Best of luck to you and DH in your happy marriage.

superbmum · 17/07/2023 11:41

EllieHJ · 17/07/2023 07:09

Wow. There are a lot of negative comments here. I had my third at 40 and my husband was 57. We have 3 boys. 20,17 and 12. They are happy healthy and thriving. My husband is involved, fit and a great dad.

Totally agree with you EllieHJ. So many on here keep on pointing out all the negatives of becoming an older mum. Yes we get it. We know! But, thank goodness mums like you EllieHJ , quite a few other on this thread and me never listened to such negative comments and still went ahead and had our babies in our 40s Some of us do not get the luxury of having children at the perfect age or at he most common age of 30-34 years!!!!!!

BTW I got it wrong in an earlier comment. I did not mean to say having a child later and in your 40s would become the norm or the average......... all I wanted to say is that the number is increasing all the time. Thousands and thousands of women every year are having babies in their 40s and producing healthy children. Who knows what science will allow women to do achieve in the near future!

whoamI00 · 17/07/2023 11:41

I think 50s are quite old but 40 is still ok. I'd try it. I think maturity could have some benefit in raising kids.
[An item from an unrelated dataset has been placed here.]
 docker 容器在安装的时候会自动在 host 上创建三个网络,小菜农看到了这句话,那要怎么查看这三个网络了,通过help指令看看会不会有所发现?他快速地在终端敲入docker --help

BernadetteRostankowskiWolowitz · 17/07/2023 11:42

whoamI00 · 17/07/2023 11:41

I think 50s are quite old but 40 is still ok. I'd try it. I think maturity could have some benefit in raising kids.

You can't "try" parenting. You either do it or don't do it. There's no returns policy.
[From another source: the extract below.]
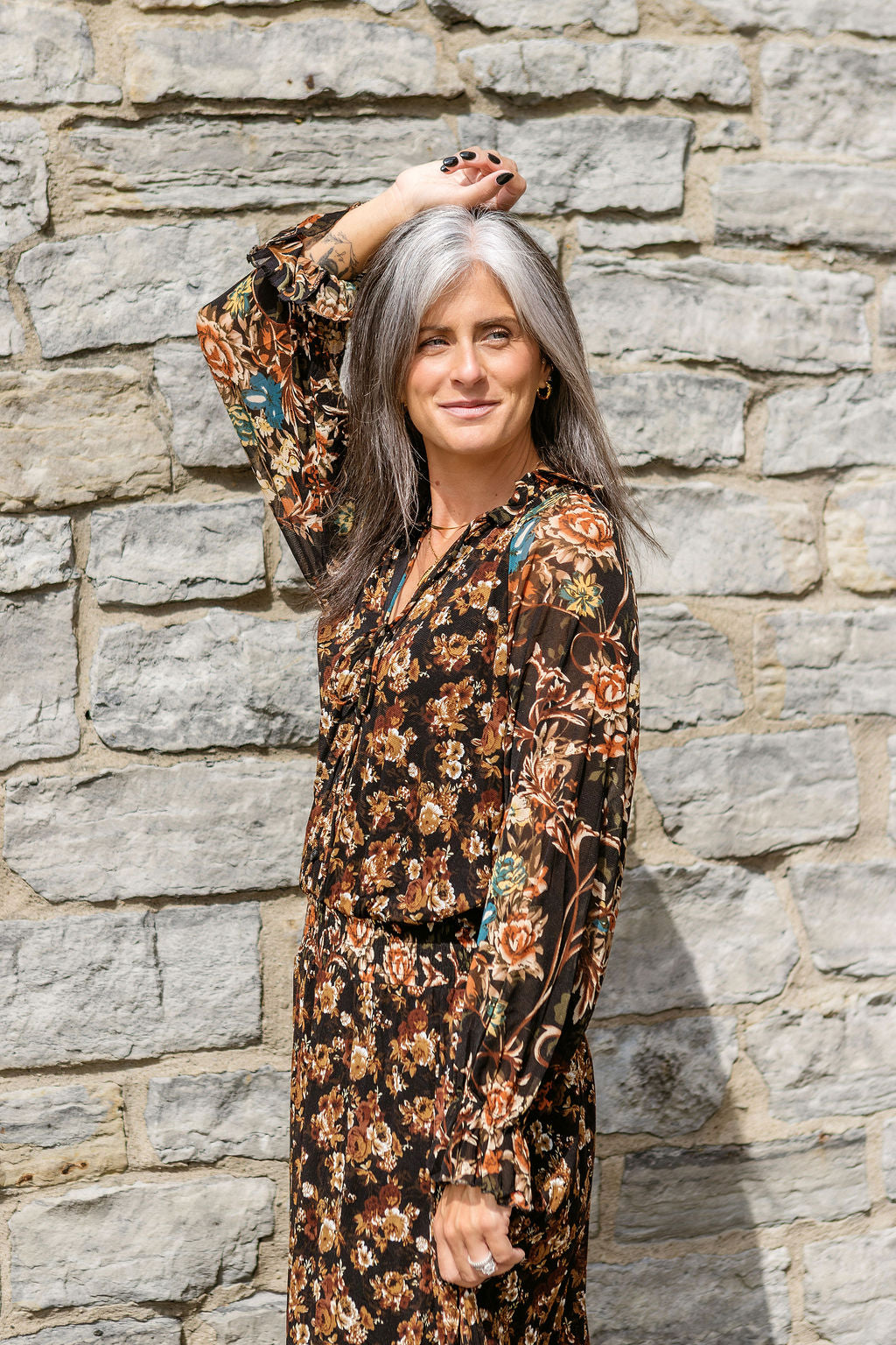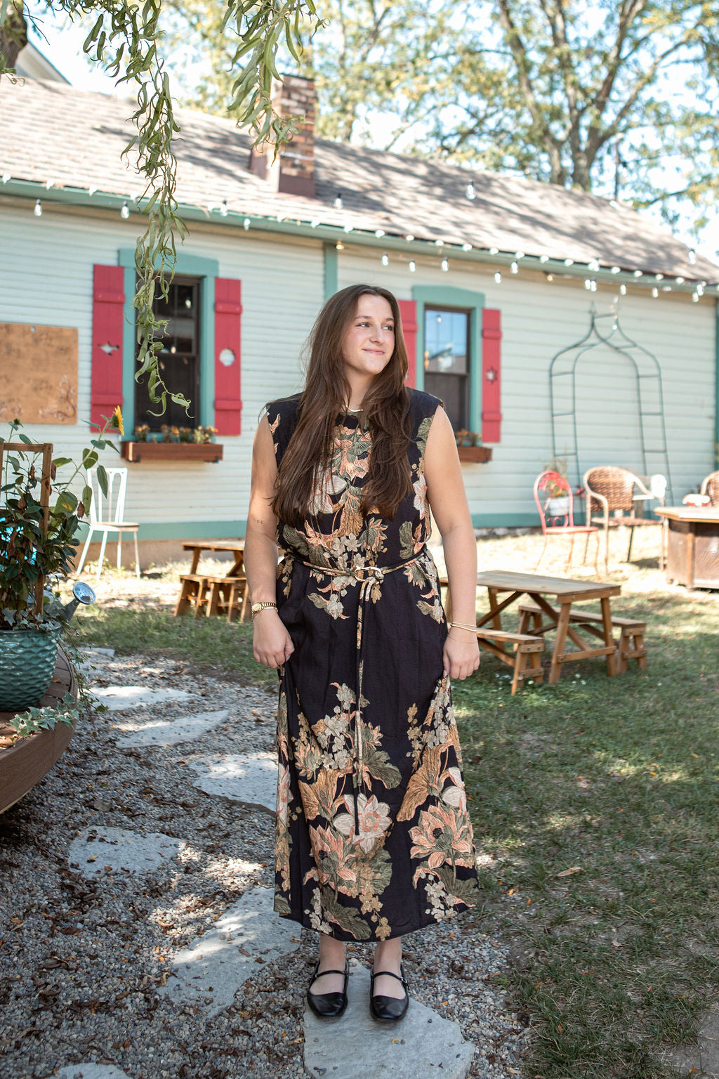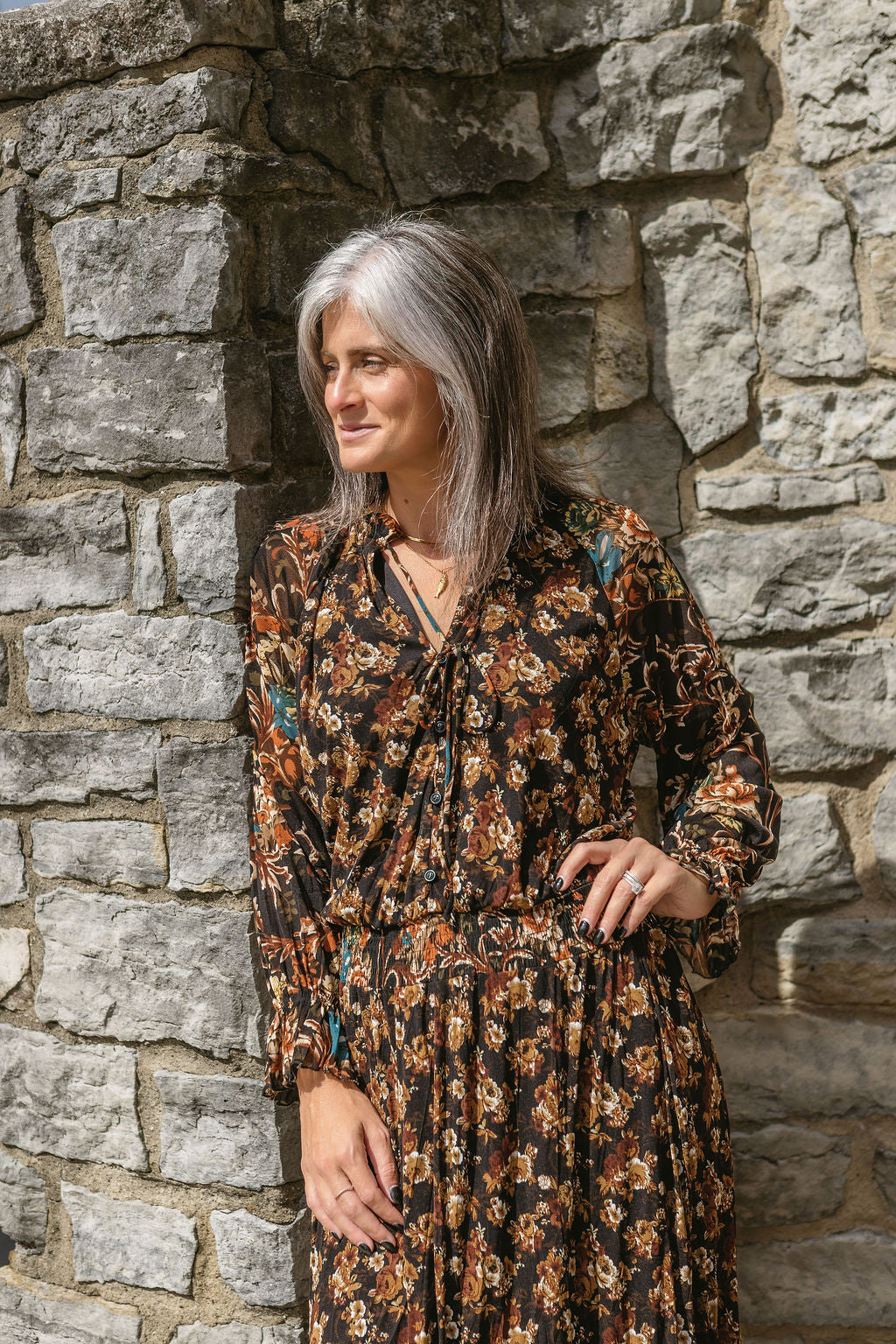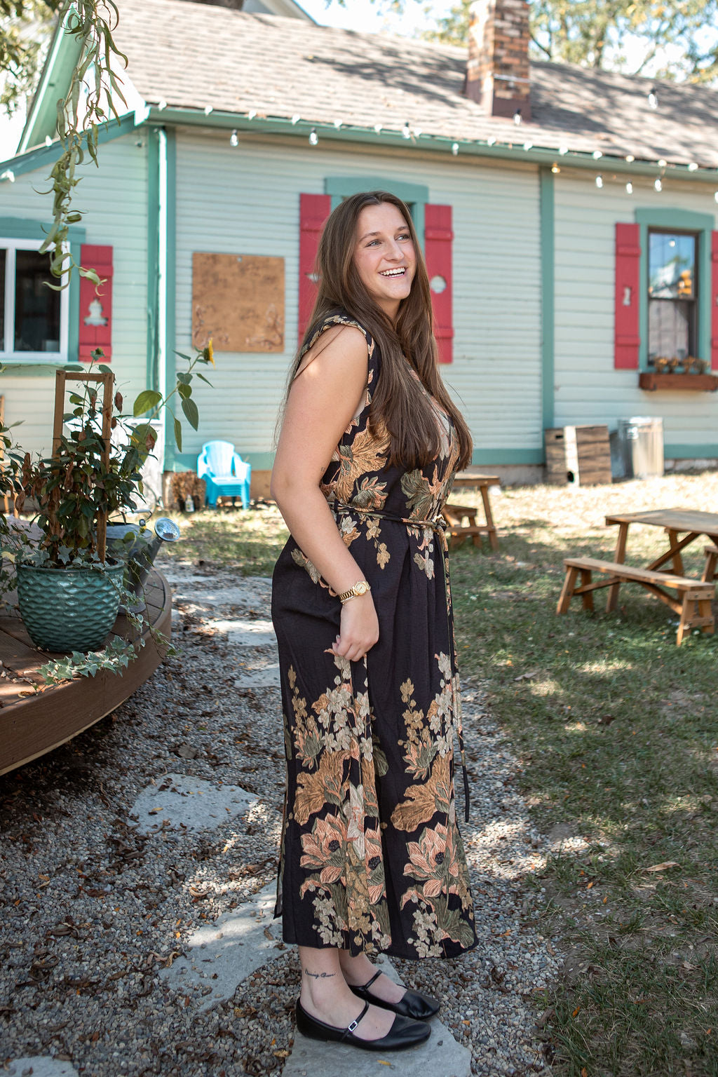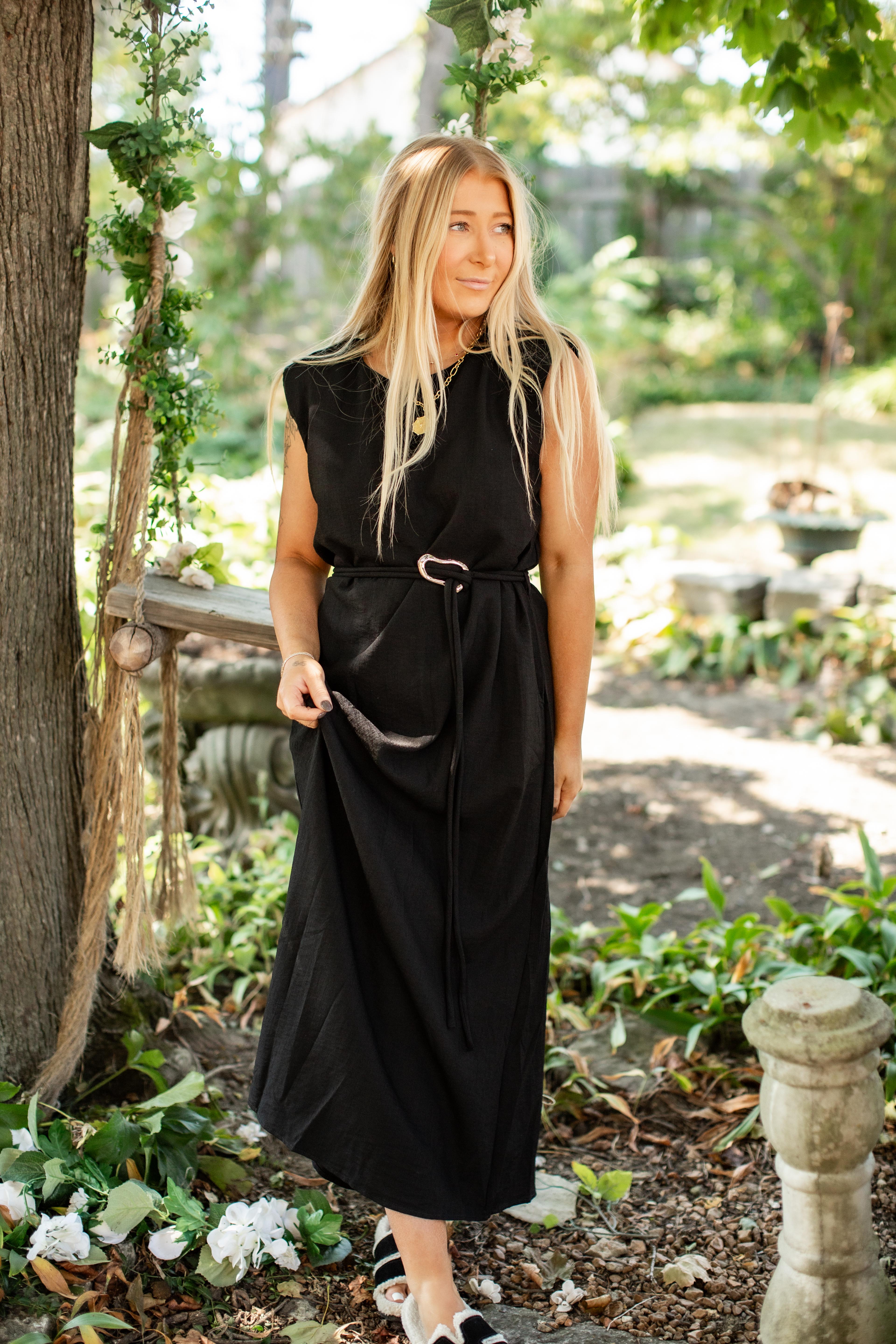 Litia Black Floral Mesh Ruffle Maxi Dress

Hibiscrubbed · 17/07/2023 11:47

Really quite grim that this thread has been so derailed by offended older mothers laying into the OP for not leaping with joy at the prospect of making the same choices they did.

This thread is about her and her husband and their particularly set of circumstances. Not other mothers who had perfectly healthy babies in their 40s, who presumably knew they wanted children.